## Input data
= = =

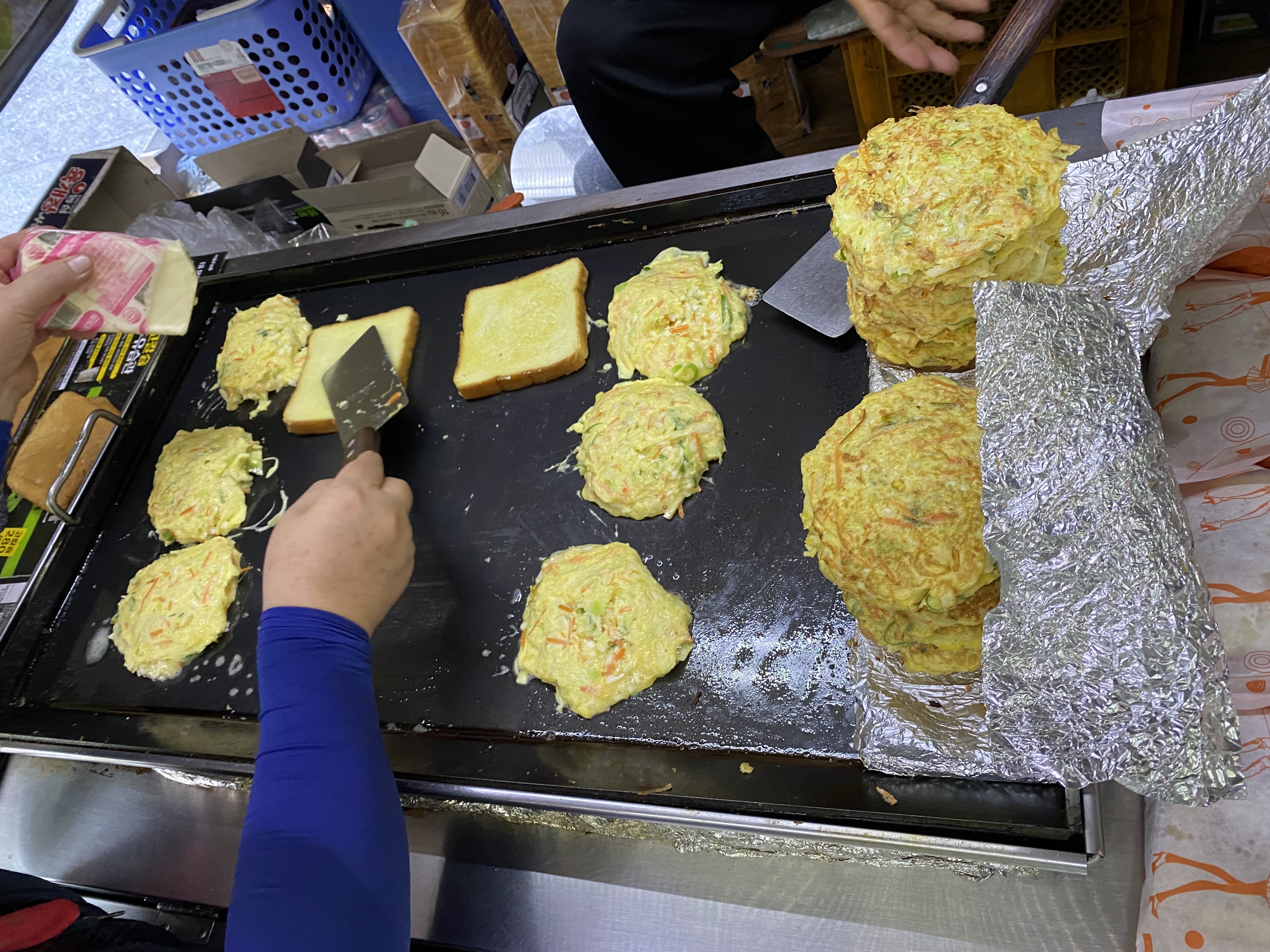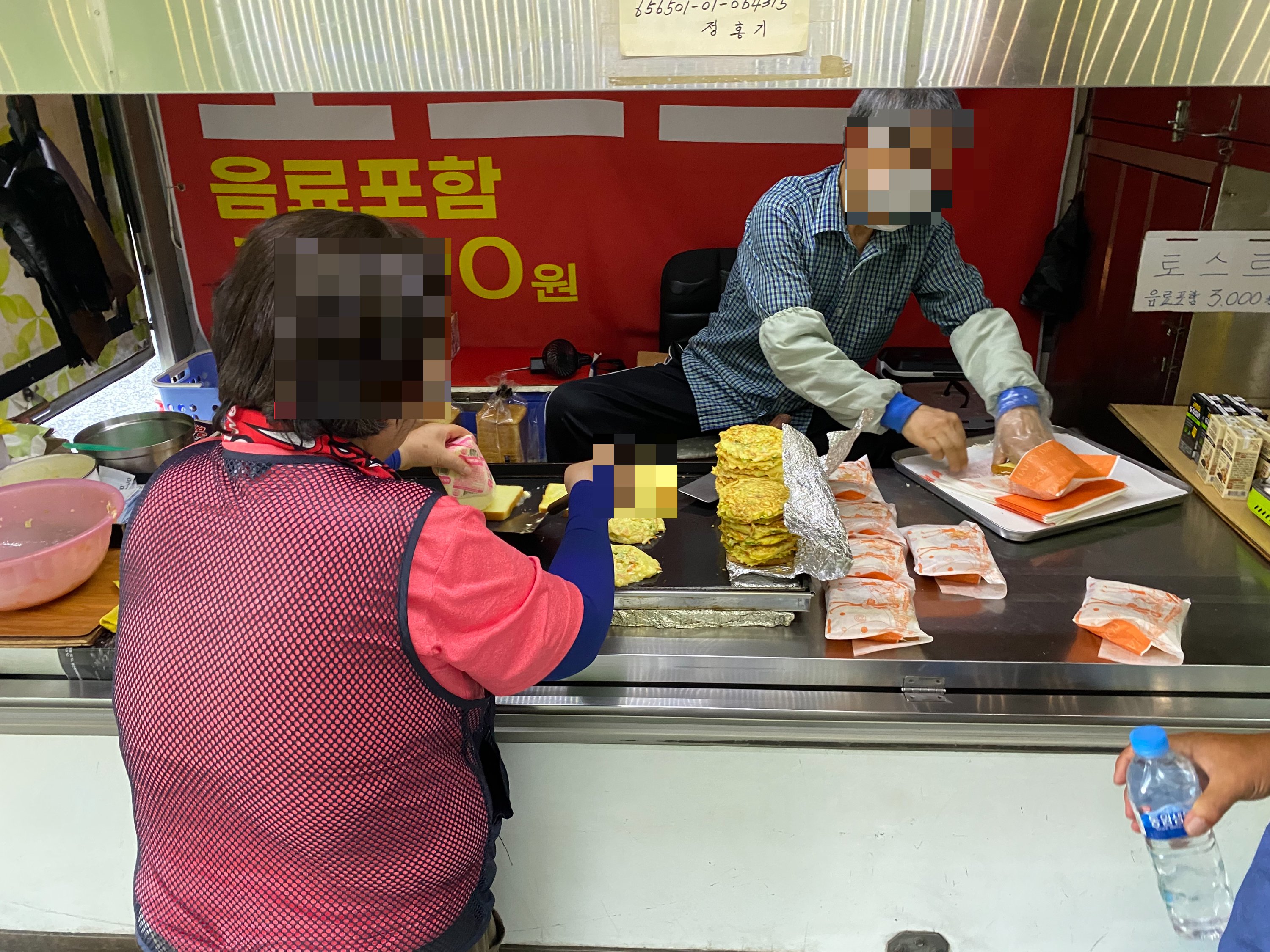 할아버지께서 직접 계란이랑 빵을 구워서 토스트를 만들어 주시고 할머니께서 계산을 하고 제공해주십니다. 정말 정이 많으셔서 단골에게는 가끔씩 계란을 2개나 넣어주실 때도 있습니다. 이곳 토스트가 맛있는 이유는 정도 정이지만 계란에 야채가 정말 듬뿍 들어가 있습니다. '이렇게 제공해도 남는게 있나?' 싶을 정도였습니다.
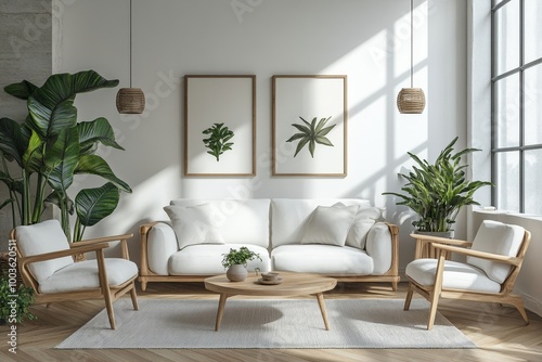 White sofa and armchairs in scandinavian style home interior design of modern living room, Generative AI
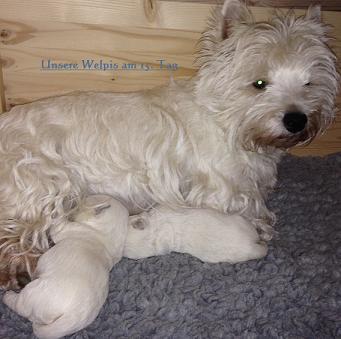 Die Äuglein haben beide nun schon seit 5 Tagen auf und auch ihre Pigmentierung wird immer kräftiger ebenso ihre Muskulatur. Beide sind in ihrer Wurfbox sehr aktiv und halten ihre Mutter mächtig auf Trapp.
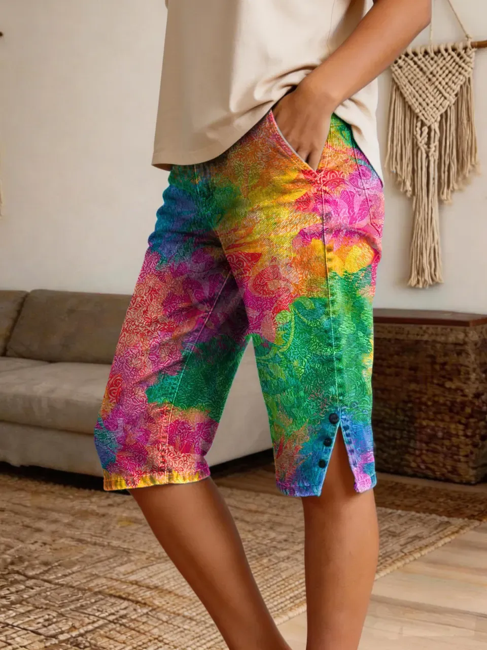 Women's Retro-Style Colorful Pattern Art Print Casual Denim Shorts

= = =

## What you will do
If pictures appear, drop them, and retype exactly the lines from the "White sofa and" line through the last line of the data above.

## Solution to this problem
 White sofa and armchairs in scandinavian style home interior design of modern living room, Generative AI
 Die Äuglein haben beide nun schon seit 5 Tagen auf und auch ihre Pigmentierung wird immer kräftiger ebenso ihre Muskulatur. Beide sind in ihrer Wurfbox sehr aktiv und halten ihre Mutter mächtig auf Trapp.
 Women's Retro-Style Colorful Pattern Art Print Casual Denim Shorts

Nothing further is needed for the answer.